● **ASSIGNMENT**
After the line containing "Cet ensemble de salon", copy nothing more; up to and including it, copy every line of the listing exactly from the first, leaving out the pictures.

● **INFORMATION SUPPLIED**
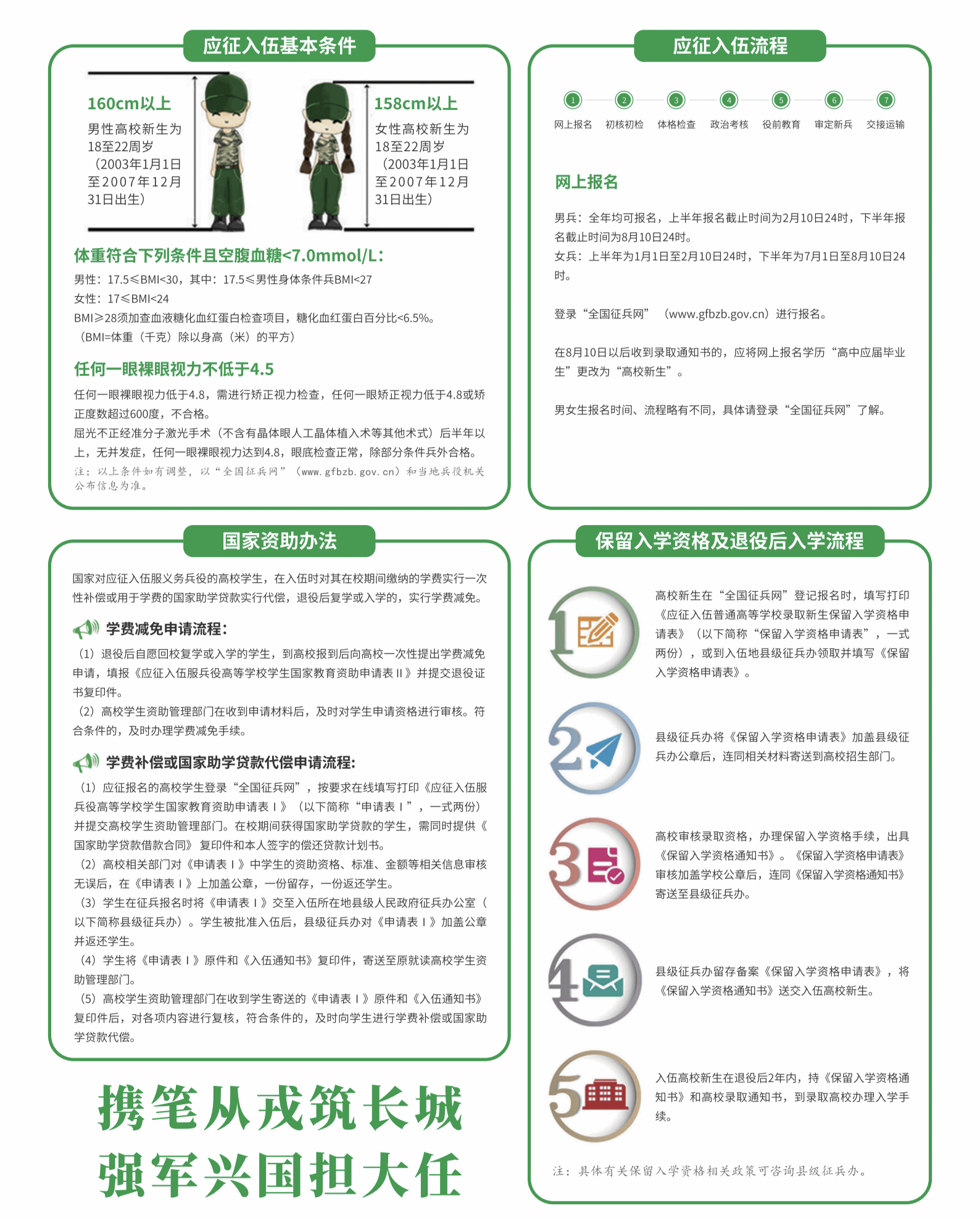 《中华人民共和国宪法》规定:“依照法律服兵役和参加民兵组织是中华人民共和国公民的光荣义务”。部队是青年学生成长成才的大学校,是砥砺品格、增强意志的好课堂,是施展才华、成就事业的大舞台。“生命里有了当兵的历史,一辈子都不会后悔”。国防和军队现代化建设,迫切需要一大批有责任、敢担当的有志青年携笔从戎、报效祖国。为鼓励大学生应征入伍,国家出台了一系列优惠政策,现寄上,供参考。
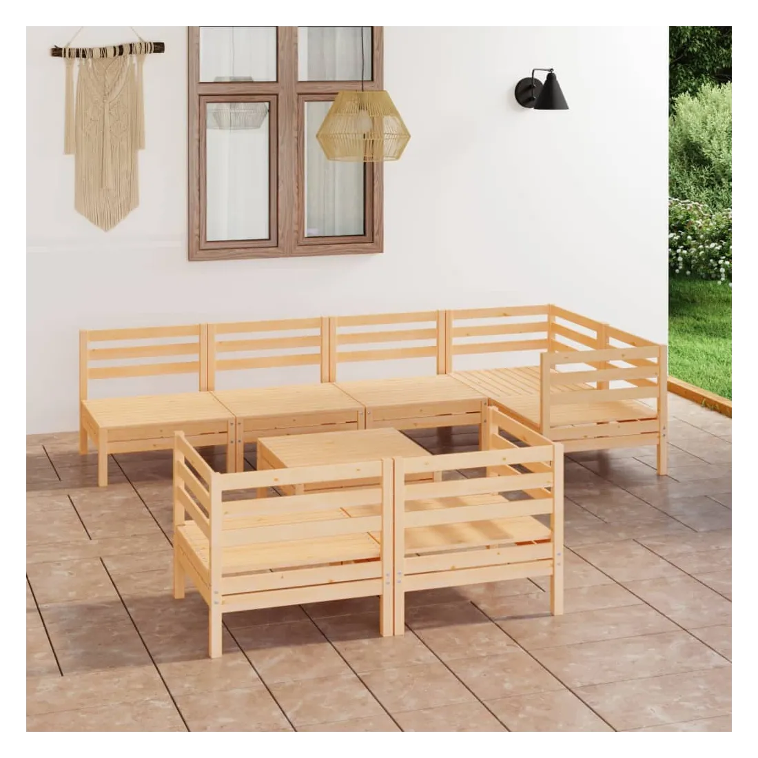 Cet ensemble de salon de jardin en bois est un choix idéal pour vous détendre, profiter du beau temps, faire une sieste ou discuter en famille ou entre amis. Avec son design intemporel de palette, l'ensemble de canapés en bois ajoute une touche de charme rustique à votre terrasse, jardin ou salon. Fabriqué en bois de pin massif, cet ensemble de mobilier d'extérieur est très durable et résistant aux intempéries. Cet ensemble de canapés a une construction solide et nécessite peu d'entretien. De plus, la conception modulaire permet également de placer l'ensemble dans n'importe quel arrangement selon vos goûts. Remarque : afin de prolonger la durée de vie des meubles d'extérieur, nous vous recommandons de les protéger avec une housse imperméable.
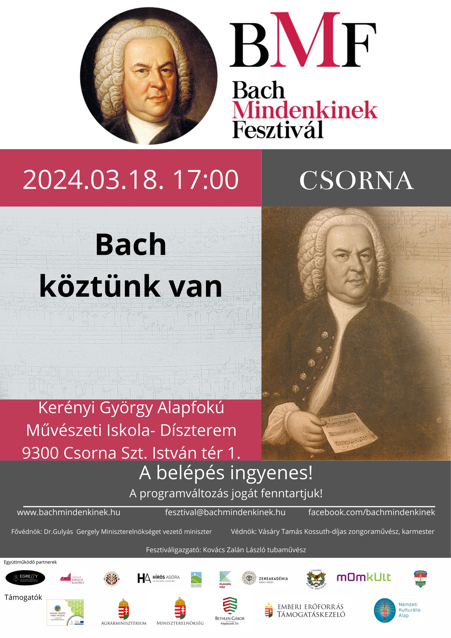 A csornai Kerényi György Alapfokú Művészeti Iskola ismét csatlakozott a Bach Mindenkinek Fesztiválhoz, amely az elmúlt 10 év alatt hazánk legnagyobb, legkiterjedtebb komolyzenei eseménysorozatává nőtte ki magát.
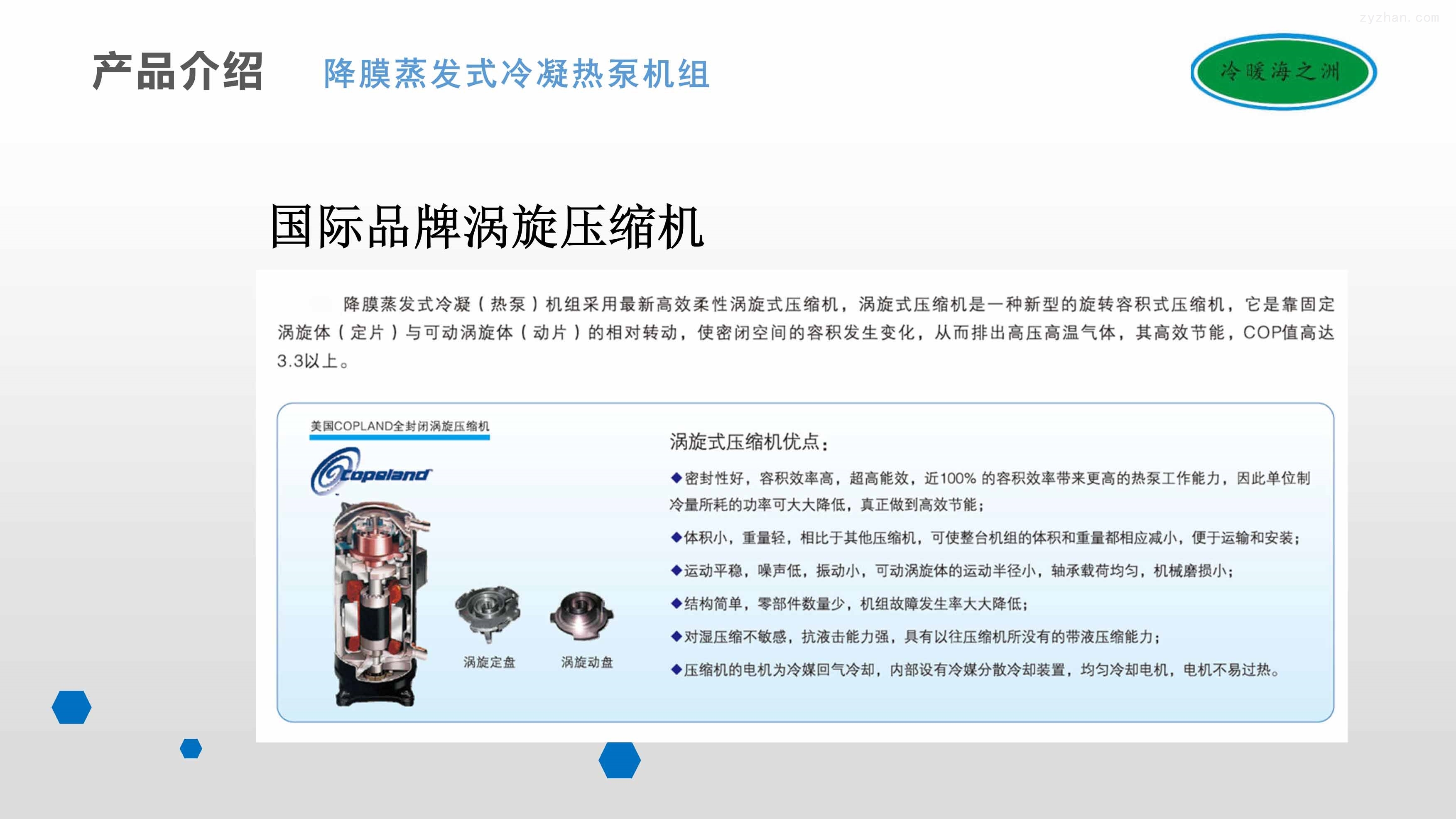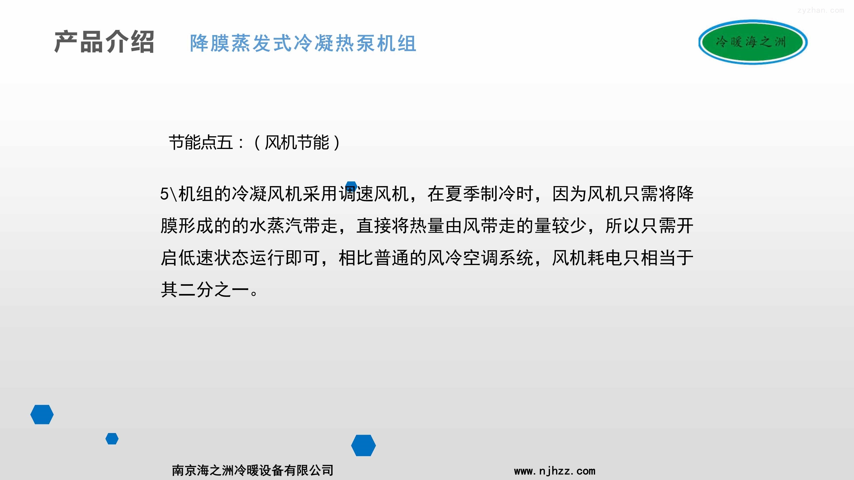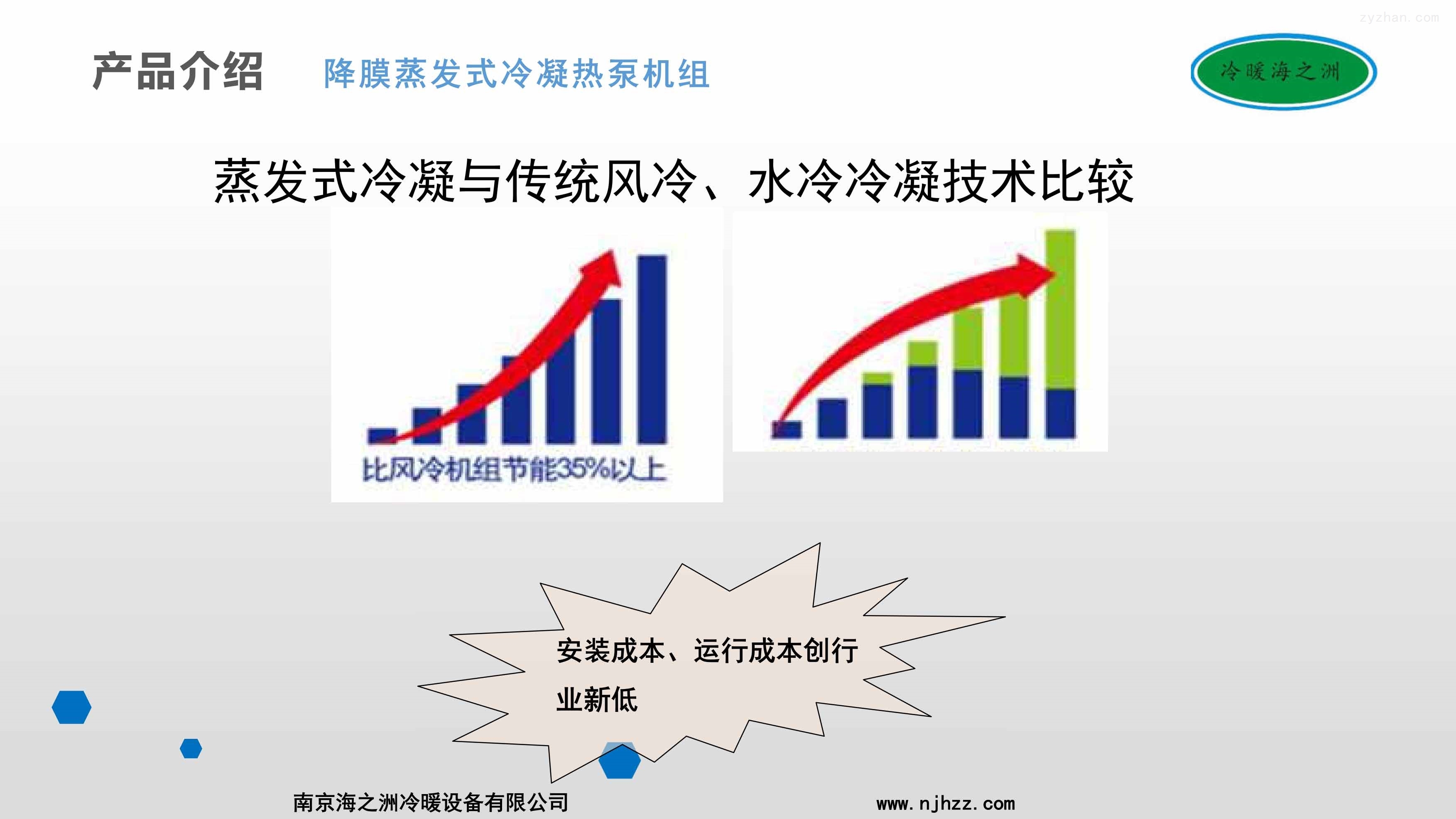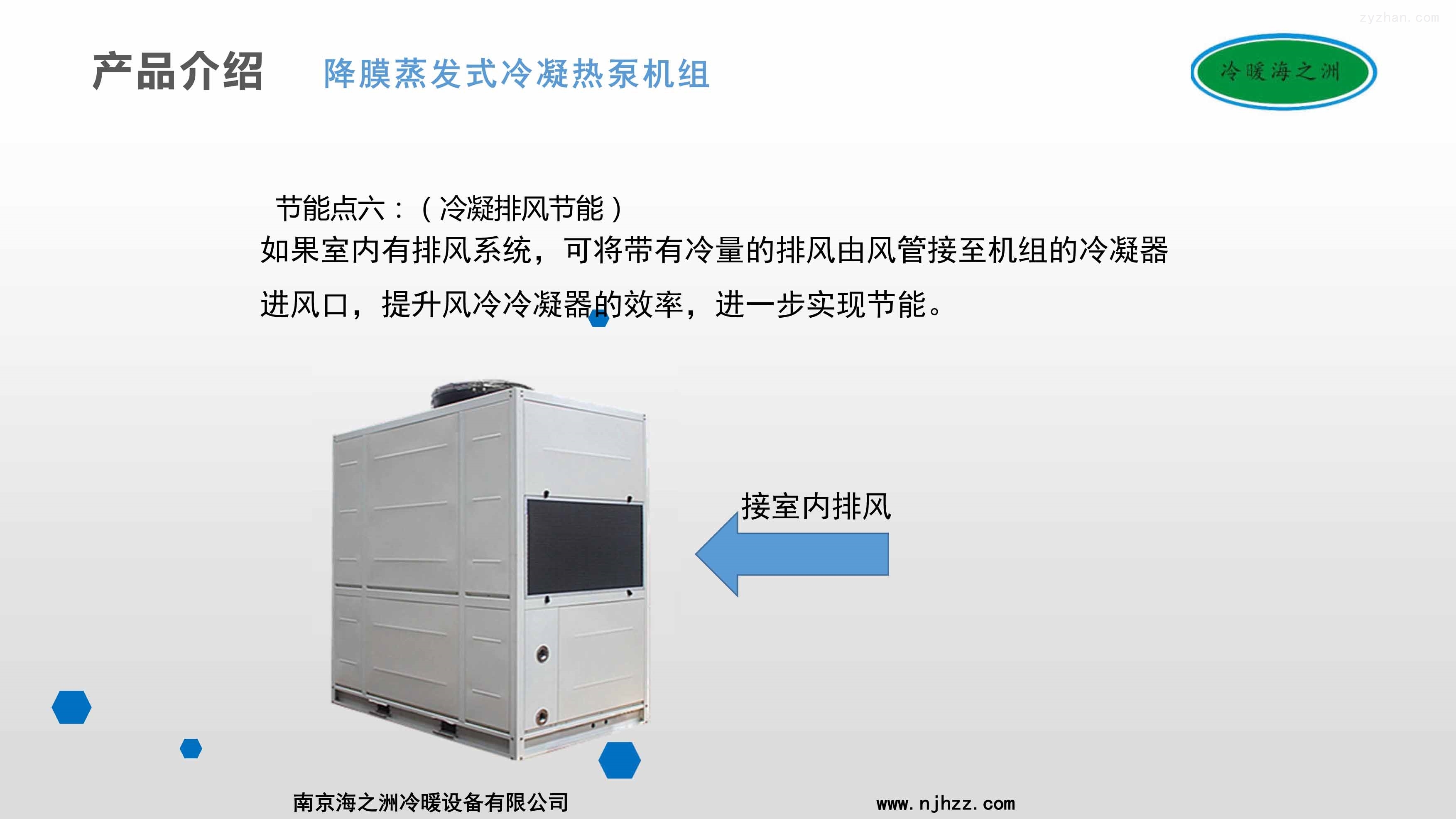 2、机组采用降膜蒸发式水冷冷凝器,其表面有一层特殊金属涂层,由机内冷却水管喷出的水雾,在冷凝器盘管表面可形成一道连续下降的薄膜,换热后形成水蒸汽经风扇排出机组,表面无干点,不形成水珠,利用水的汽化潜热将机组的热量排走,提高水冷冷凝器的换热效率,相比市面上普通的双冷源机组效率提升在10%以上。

● **EXPECTED ANSWER**
 《中华人民共和国宪法》规定:“依照法律服兵役和参加民兵组织是中华人民共和国公民的光荣义务”。部队是青年学生成长成才的大学校,是砥砺品格、增强意志的好课堂,是施展才华、成就事业的大舞台。“生命里有了当兵的历史,一辈子都不会后悔”。国防和军队现代化建设,迫切需要一大批有责任、敢担当的有志青年携笔从戎、报效祖国。为鼓励大学生应征入伍,国家出台了一系列优惠政策,现寄上,供参考。
 Cet ensemble de salon de jardin en bois est un choix idéal pour vous détendre, profiter du beau temps, faire une sieste ou discuter en famille ou entre amis. Avec son design intemporel de palette, l'ensemble de canapés en bois ajoute une touche de charme rustique à votre terrasse, jardin ou salon. Fabriqué en bois de pin massif, cet ensemble de mobilier d'extérieur est très durable et résistant aux intempéries. Cet ensemble de canapés a une construction solide et nécessite peu d'entretien. De plus, la conception modulaire permet également de placer l'ensemble dans n'importe quel arrangement selon vos goûts. Remarque : afin de prolonger la durée de vie des meubles d'extérieur, nous vous recommandons de les protéger avec une housse imperméable.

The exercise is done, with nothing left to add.